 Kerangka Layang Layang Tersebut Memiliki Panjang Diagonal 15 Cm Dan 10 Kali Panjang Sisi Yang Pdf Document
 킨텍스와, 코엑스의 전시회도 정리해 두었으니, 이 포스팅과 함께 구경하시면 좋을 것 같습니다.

...

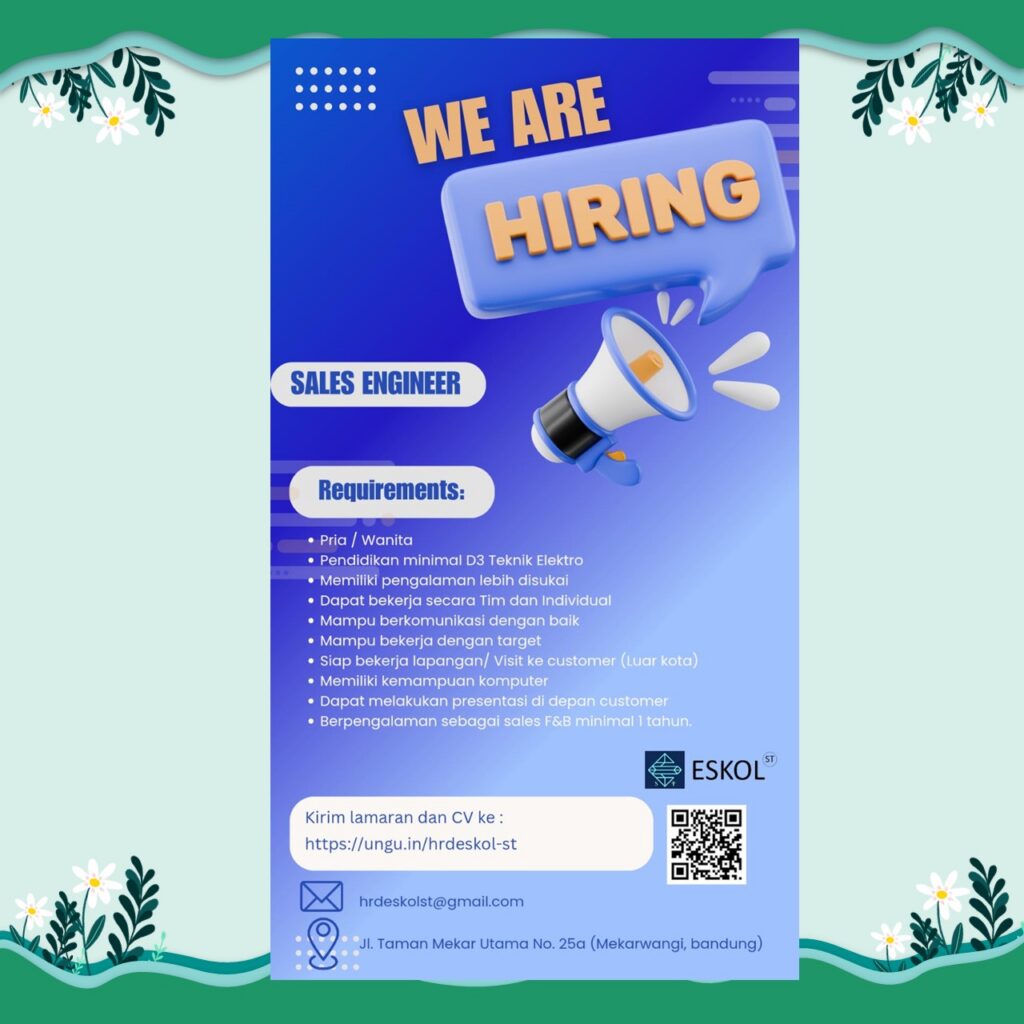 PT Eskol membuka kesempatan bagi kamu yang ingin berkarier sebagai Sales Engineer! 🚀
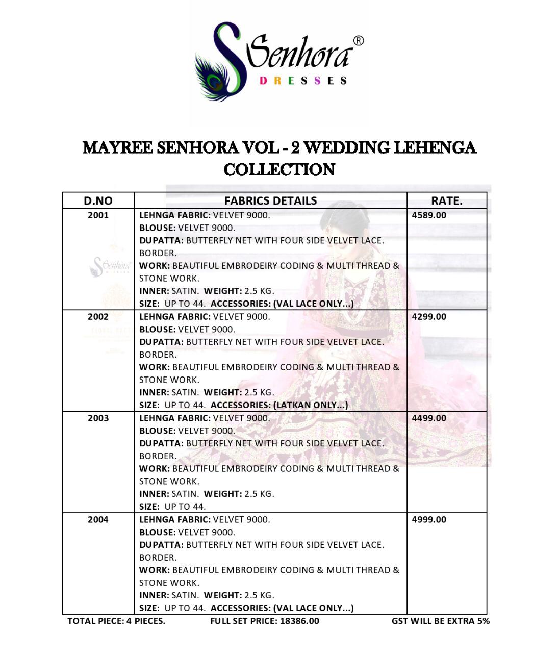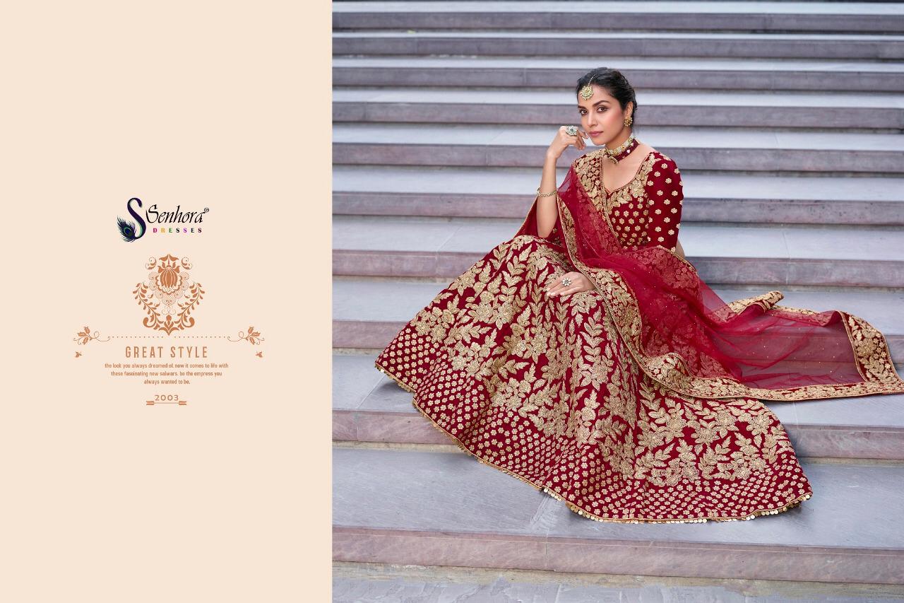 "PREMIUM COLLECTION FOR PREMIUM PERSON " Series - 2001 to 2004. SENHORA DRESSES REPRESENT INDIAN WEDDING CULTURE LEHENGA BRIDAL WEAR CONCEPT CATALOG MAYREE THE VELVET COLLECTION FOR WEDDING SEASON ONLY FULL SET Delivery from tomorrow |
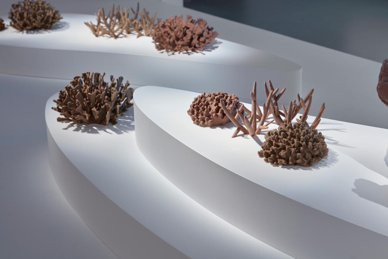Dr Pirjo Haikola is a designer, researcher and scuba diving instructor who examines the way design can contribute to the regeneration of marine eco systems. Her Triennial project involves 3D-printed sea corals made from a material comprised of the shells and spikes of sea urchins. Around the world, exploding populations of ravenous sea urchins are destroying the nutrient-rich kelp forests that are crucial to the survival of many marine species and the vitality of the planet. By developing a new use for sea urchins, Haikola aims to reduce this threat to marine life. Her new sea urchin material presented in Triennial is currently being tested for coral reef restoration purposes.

- Problem requirements:
Start with the line above containing "PT Eskol membuka" and end with the line containing "Dr Pirjo Haikola". Set down that stretch exactly, without any pictures.

- Final answer:
 PT Eskol membuka kesempatan bagi kamu yang ingin berkarier sebagai Sales Engineer! 🚀
 "PREMIUM COLLECTION FOR PREMIUM PERSON " Series - 2001 to 2004. SENHORA DRESSES REPRESENT INDIAN WEDDING CULTURE LEHENGA BRIDAL WEAR CONCEPT CATALOG MAYREE THE VELVET COLLECTION FOR WEDDING SEASON ONLY FULL SET Delivery from tomorrow |
Dr Pirjo Haikola is a designer, researcher and scuba diving instructor who examines the way design can contribute to the regeneration of marine eco systems. Her Triennial project involves 3D-printed sea corals made from a material comprised of the shells and spikes of sea urchins. Around the world, exploding populations of ravenous sea urchins are destroying the nutrient-rich kelp forests that are crucial to the survival of many marine species and the vitality of the planet. By developing a new use for sea urchins, Haikola aims to reduce this threat to marine life. Her new sea urchin material presented in Triennial is currently being tested for coral reef restoration purposes.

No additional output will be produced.